↓↓↓

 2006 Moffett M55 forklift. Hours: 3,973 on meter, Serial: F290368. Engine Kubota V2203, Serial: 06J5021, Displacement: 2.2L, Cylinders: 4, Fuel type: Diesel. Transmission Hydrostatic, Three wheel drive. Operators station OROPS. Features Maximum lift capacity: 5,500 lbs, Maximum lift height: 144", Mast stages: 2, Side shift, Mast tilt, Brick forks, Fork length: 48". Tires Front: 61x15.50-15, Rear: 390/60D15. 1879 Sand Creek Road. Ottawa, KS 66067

↑↑↑
↓↓↓

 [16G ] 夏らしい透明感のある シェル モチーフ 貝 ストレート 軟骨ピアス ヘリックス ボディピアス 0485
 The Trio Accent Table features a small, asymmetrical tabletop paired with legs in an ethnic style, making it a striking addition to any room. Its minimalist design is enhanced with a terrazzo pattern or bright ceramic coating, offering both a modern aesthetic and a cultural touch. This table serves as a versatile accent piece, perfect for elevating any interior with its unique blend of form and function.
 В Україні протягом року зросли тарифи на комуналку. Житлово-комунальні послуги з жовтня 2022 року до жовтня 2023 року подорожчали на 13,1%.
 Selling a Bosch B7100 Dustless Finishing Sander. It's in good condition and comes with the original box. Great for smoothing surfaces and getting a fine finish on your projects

↑↑↑

▶ _EXERCISE INSTRUCTIONS_: Starting at the line that has "[16G ] 夏らしい透明感のある" in the records above, restate word for word every line until the one that has "Selling a Bosch", and include that one as well.

▶ _ANSWER SPACE_:
 [16G ] 夏らしい透明感のある シェル モチーフ 貝 ストレート 軟骨ピアス ヘリックス ボディピアス 0485
 The Trio Accent Table features a small, asymmetrical tabletop paired with legs in an ethnic style, making it a striking addition to any room. Its minimalist design is enhanced with a terrazzo pattern or bright ceramic coating, offering both a modern aesthetic and a cultural touch. This table serves as a versatile accent piece, perfect for elevating any interior with its unique blend of form and function.
 В Україні протягом року зросли тарифи на комуналку. Житлово-комунальні послуги з жовтня 2022 року до жовтня 2023 року подорожчали на 13,1%.
 Selling a Bosch B7100 Dustless Finishing Sander. It's in good condition and comes with the original box. Great for smoothing surfaces and getting a fine finish on your projects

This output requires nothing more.